Will writes critically of
capacious definitions of sexual assault that can include not only forcible sexual penetration but also nonconsensual touching.
Let’s pause to note something. Will is an excellent writer, and I think a very cautious one. Nowhere does he explicitly say that nonconsensual touching is not in fact sexual assault. And the term “capacious” is clinical and not inherently normative. But his essay as a whole is critical of expanding the pool of people classified as victims, so I don’t think there is a plausible reading of this clinical phrase that doesn’t conclude Will is critical of the capaciousness of the definition.
But it seems to me, although I am not a lawyer, that Will is quite ignorant of the legal meaning of the term assault. The online legal dictionary of Cornell University’s Legal Information Institute defines assault as follows:
1. Intentionally putting another person in reasonable apprehension of an imminent harmful or offensive contact. No intent to cause physical injury needs to exist, and no physical injury needs to result. So defined in tort law and the criminal statutes of some states.
Several elements of that definition stand out as critically relevant. One is the note that this is how assault is defined in tort law, that is, it is a common law definition of assault. That means it’s not a new-fangled definition, but one that has roots going back centuries. (The common law does evolve, and does develop new-fangled definitions now and then, but this definition of assault is of long-standing.)
Another important element is that neither physical injury nor even actual physical contact is required, just an “apprehension of imminent…contact.”
Third, the apprehended contact does not have to be physically harmful, but merely “offensive.”
If anything, the term “sexual assault” is not overly capacious here, but the inclusion of the term “sexual” is not strictly necessary to recognize that “nonconsensual touching” can be the crime of assault.
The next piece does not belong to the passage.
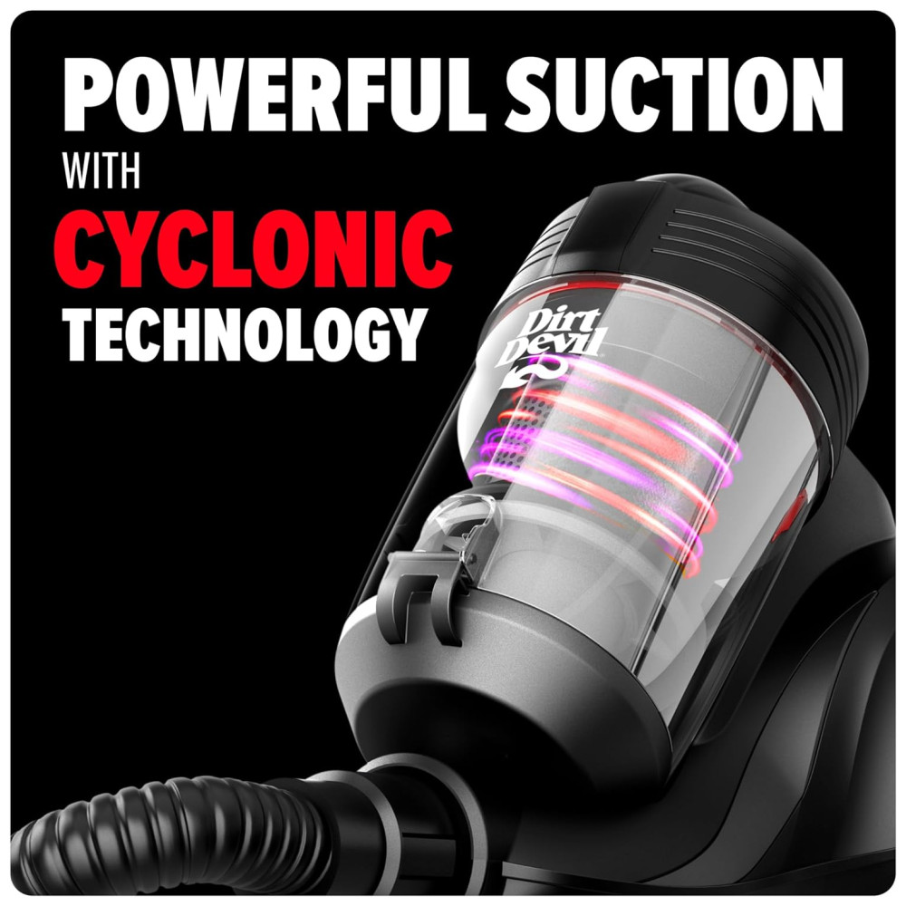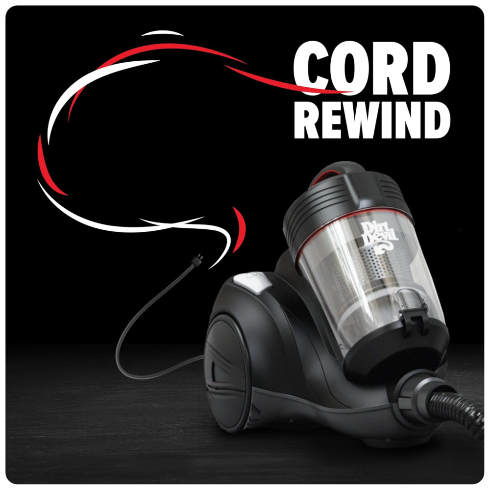Aspirador de Pó com Fio sem Saco com Rebobinamento de Cabo e Alta Sucção para Carpetes e Pisos Duros 110V Dirt Devil Preto

But Will’s concern seems to be that we’re watering down the “real” sexual assaults; rape. And here the U.S. Code rebuts his claim. 10 U.S. Code § 920 – Art. 120 concerns “rape and sexual assault generally.” Notice that the very title distinguishes between sexual assault generally and rape as a specific type of sexual assault. The distinction is spelled out specifically, with part A defining rape and part B defining sexual assault more generally. And the code explicitly includes a definition of “sexual contact” as
Sexual contact.— The term “sexual contact” means—
(A) touching, or causing another person to touch, either directly or through the clothing, the genitalia, anus, groin, breast, inner thigh, or buttocks of any person, with an intent to abuse, humiliate, or degrade any person; or
(B) any touching, or causing another person to touch, either directly or through the clothing, any body part of any person, if done with an intent to arouse or gratify the sexual desire of any person.
From this we see that it is simple to have a capacious definition of sexual assault while still distinguishing rape as a distinct kind of sexual assault.
Unwanted sexual touching is well within the bounds of the definition of assault. If the common law did not include sexual touching in its application of the assault tort, it seems more plausible that it was because of the generalized lack of recognition of women’s autonomy than because it was a logical exception.
Distinctions are what the law does, and there is no doubt that George Will knows that. Just as we distinguish between assault and battery, with battery being effectively a specific type of assault, and so generally punished more severely than simple assault, we can readily distinguish between sexual assault and rape, with rape being a specific type of sexual assault and punished more severely than “simple” sexual assault such as nonconsensual touching.
In his post-essay defense, he said his critics were the product of the internet’s reduction of barriers to enter into political debate so that “you don’t have to know how to read, write, or think.” We can’t deny that Will knows how to write. But it seems evident that in this case he did not read carefully, and failed to think very seriously at all.